“What is that?” said Rouget, looking at his nephew in a stupid way.
“Don’t sign that power of attorney which they want of you before the third of December; put them off till then. Your torturers only want it to enable them to sell the fifty thousand a year you have in the Funds, so that they may run off to Paris and pay for their wedding festivities out of your millions.”
“I am afraid so,” replied Rouget.
“Well, whatever they may say or do to you, put off giving that power of attorney until next week.”
“Yes; but when Flore talks to me she stirs my very soul, till I don’t know what I do. I give you my word, when she looks at me in a certain way, her blue eyes seem like paradise, and I am no longer master of myself,—especially when for some days she had been harsh to me.”
“Well, whether she is sweet or sour, don’t do more than promise to sign the paper, and let me know the night before you are going to do it. That will answer. Maxence shall not be your proxy unless he first kills me. If I kill him, you must agree to take me in his place, and I’ll undertake to break in that handsome girl and keep her at your beck and call. Yes, Flore shall love you, and if she doesn’t satisfy you—thunder! I’ll thrash her.”
“Oh! I never could allow that. A blow struck at Flore would break my heart.”

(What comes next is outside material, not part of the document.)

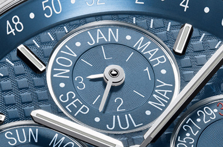 万宝龙这只万年历表的闰年显示于表盘刻印1~4数字刻度,再搭配印有三角指标的转盘指示闰年。

“But it is the only way to govern women and horses. A man makes himself feared, or loved, or respected. Now that is what I wanted to whisper in your ear—Good-morning, gentlemen,” he said to Mignonnet and Carpentier, who came up at the moment; “I am taking my uncle for a walk, as you see, and trying to improve him; for we are in an age when children are obliged to educate their grandparents.”
They all bowed to each other.
“You behold in my dear uncle the effects of an unhappy passion. Those two want to strip him of his fortune and leave him in the lurch—you know to whom I refer? He sees the plot; but he hasn’t the courage to give up his SUGAR-PLUM for a few days so as to baffle it.”

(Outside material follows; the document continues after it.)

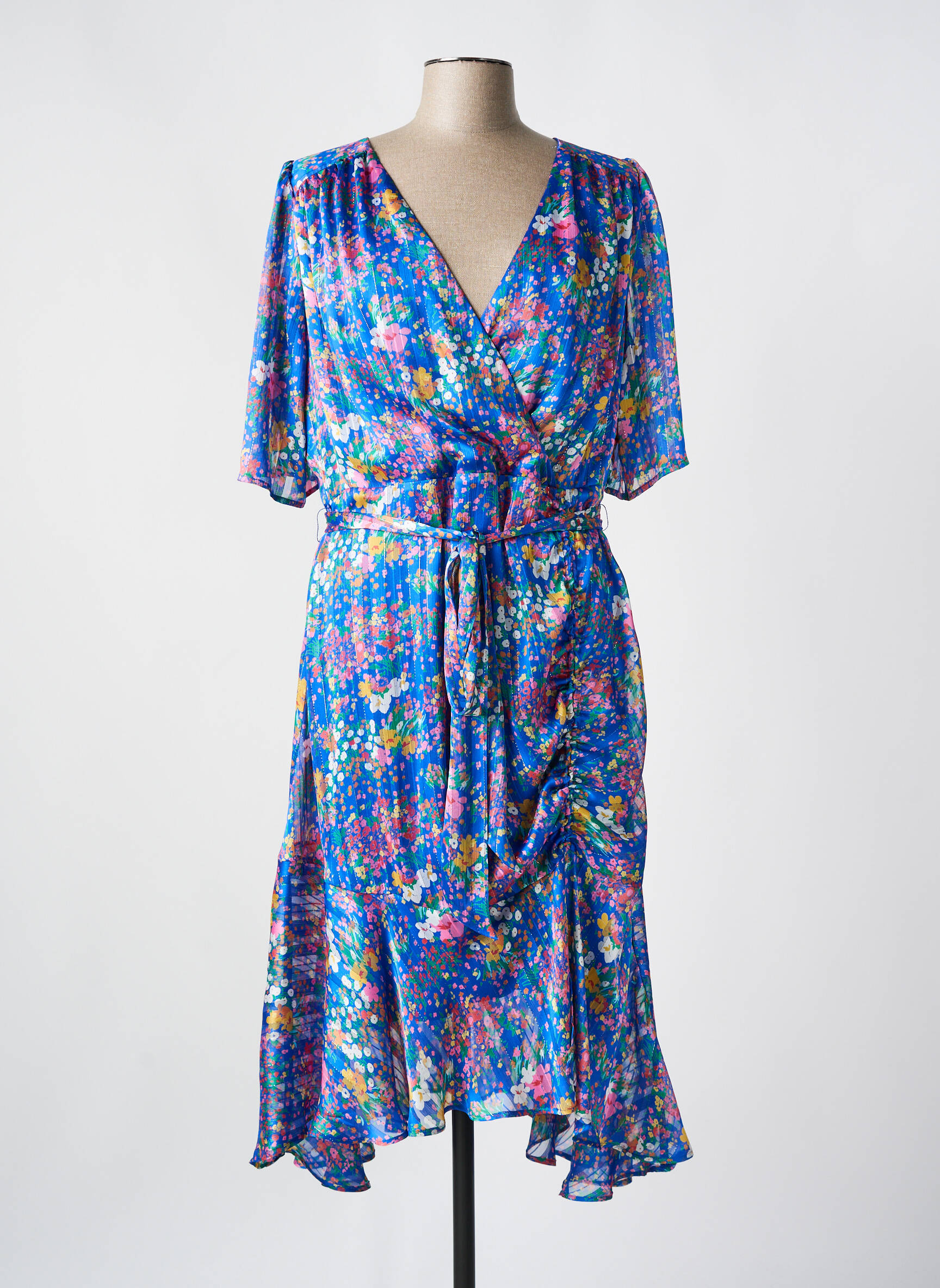 Rochie Midi Tia Albastru Mâneci Scurte

Philippe briefly explained his uncle’s position.
“Gentlemen,” he remarked, in conclusion, “you see there are no two ways of saving him: either Colonel Bridau must kill Captain Gilet, or Captain Gilet must kill Colonel Bridau. We celebrate the Emperor’s coronation on the day after to-morrow; I rely upon you to arrange the seats at the banquet so that I shall sit opposite to Gilet. You will do me the honor, I hope, of being my seconds.”
“We will appoint you to preside, and sit ourselves on either side of you. Max, as vice-president, will of course sit opposite,” said Mignonnet.
“Oh! the scoundrel will have Potel and Renard with him,” said Carpentier. “In spite of all that Issoudun now knows and says of his midnight maraudings, those two worthy officers, who have already been his seconds, remain faithful to him.”